Data in this exercise =>
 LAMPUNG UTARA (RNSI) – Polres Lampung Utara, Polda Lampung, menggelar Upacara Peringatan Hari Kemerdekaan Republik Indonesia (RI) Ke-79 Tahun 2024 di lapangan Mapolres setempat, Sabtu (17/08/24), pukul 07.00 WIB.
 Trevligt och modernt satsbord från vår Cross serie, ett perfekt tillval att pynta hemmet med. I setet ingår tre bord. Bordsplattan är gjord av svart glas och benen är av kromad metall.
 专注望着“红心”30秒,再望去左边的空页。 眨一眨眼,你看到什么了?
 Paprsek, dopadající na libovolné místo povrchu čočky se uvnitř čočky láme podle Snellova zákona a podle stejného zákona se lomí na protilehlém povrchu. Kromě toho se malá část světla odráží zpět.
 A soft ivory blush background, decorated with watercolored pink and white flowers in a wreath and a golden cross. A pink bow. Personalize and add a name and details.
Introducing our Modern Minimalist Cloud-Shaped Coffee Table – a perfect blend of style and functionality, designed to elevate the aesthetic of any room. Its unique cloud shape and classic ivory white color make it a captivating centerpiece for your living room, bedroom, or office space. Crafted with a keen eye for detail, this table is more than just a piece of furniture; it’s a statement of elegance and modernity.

---

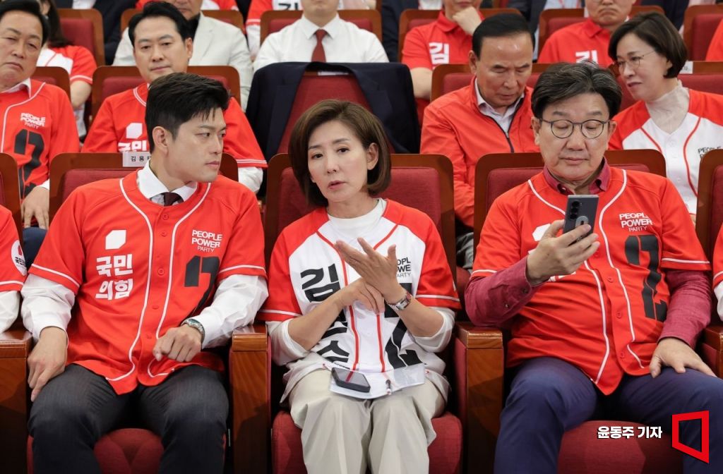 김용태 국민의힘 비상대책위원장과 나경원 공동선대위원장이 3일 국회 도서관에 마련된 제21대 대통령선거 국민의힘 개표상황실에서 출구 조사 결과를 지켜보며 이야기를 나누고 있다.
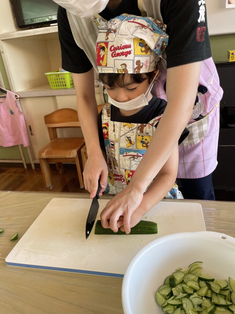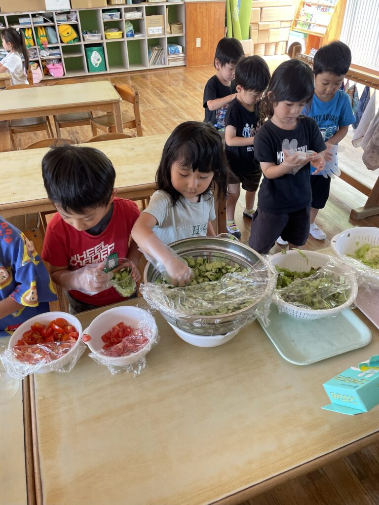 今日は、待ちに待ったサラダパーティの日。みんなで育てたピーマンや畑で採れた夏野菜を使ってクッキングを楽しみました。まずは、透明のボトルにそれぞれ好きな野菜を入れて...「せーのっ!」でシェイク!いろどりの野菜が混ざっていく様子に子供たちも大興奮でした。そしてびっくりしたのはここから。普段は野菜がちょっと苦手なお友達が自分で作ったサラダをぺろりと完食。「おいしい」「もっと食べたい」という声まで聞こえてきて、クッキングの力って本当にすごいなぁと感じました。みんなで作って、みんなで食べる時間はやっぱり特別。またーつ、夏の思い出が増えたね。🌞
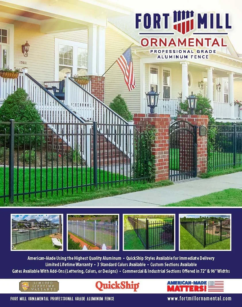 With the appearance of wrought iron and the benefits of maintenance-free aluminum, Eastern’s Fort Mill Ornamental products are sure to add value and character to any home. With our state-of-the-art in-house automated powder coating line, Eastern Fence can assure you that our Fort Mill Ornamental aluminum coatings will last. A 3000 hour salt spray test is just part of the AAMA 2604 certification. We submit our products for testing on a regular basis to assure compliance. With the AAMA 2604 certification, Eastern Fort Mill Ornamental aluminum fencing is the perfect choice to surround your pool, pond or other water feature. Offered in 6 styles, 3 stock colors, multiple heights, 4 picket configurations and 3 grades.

---

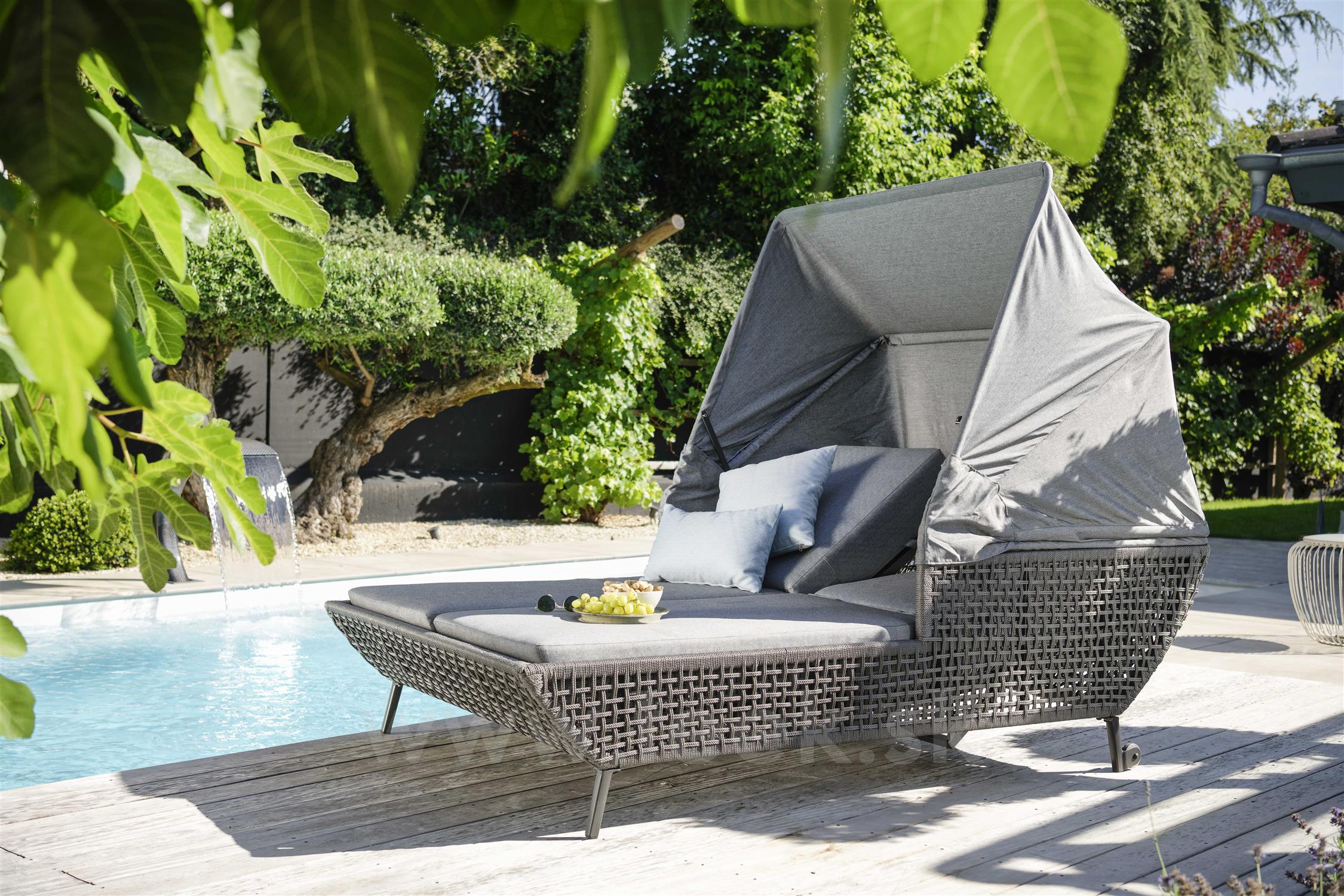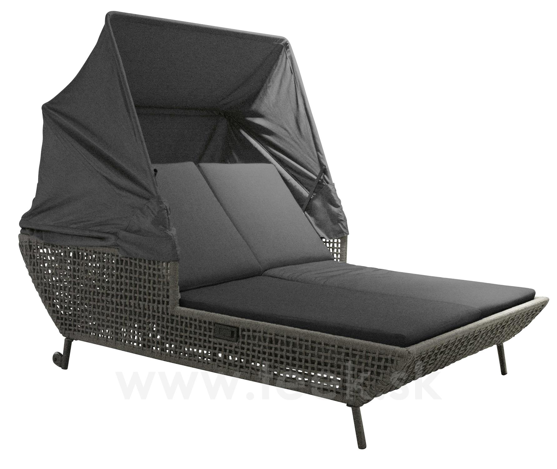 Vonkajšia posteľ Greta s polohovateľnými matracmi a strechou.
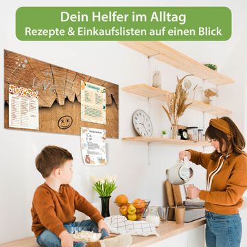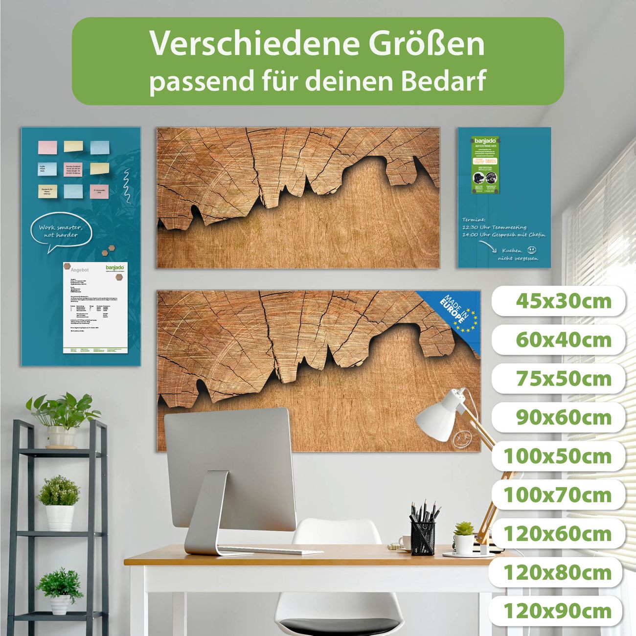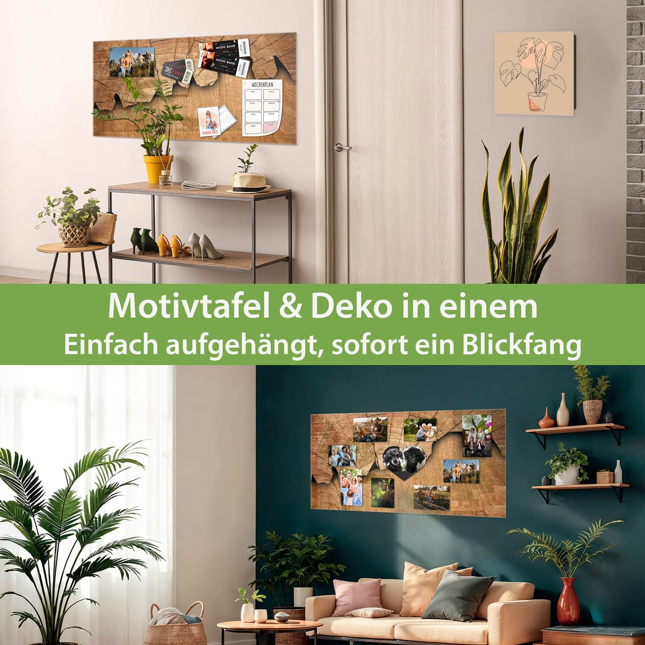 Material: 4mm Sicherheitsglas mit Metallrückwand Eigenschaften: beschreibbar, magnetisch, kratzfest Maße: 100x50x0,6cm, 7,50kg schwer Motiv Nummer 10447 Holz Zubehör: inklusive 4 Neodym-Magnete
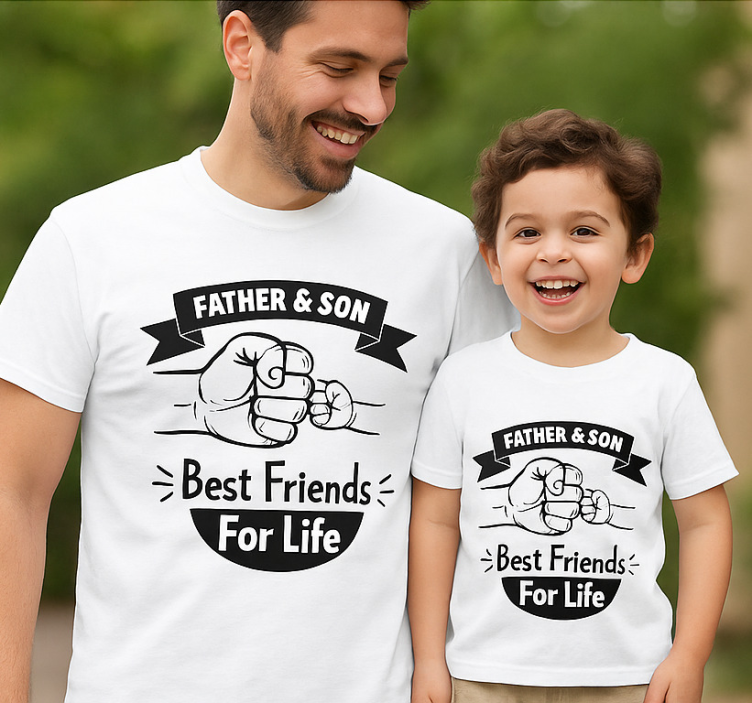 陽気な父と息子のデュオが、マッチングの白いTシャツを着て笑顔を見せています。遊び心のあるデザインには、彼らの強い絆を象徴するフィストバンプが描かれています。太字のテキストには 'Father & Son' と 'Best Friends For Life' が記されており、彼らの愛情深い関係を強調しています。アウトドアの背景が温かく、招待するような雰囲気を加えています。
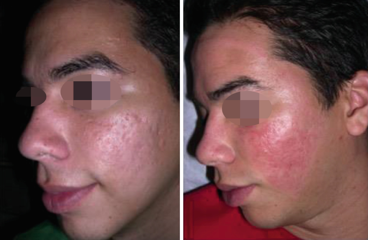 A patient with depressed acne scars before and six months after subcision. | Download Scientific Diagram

What the exercise asks => Each line of the data that holds "ivory" should be reported.

Reply to the exercise =>
 A soft ivory blush background, decorated with watercolored pink and white flowers in a wreath and a golden cross. A pink bow. Personalize and add a name and details.
Introducing our Modern Minimalist Cloud-Shaped Coffee Table – a perfect blend of style and functionality, designed to elevate the aesthetic of any room. Its unique cloud shape and classic ivory white color make it a captivating centerpiece for your living room, bedroom, or office space. Crafted with a keen eye for detail, this table is more than just a piece of furniture; it’s a statement of elegance and modernity.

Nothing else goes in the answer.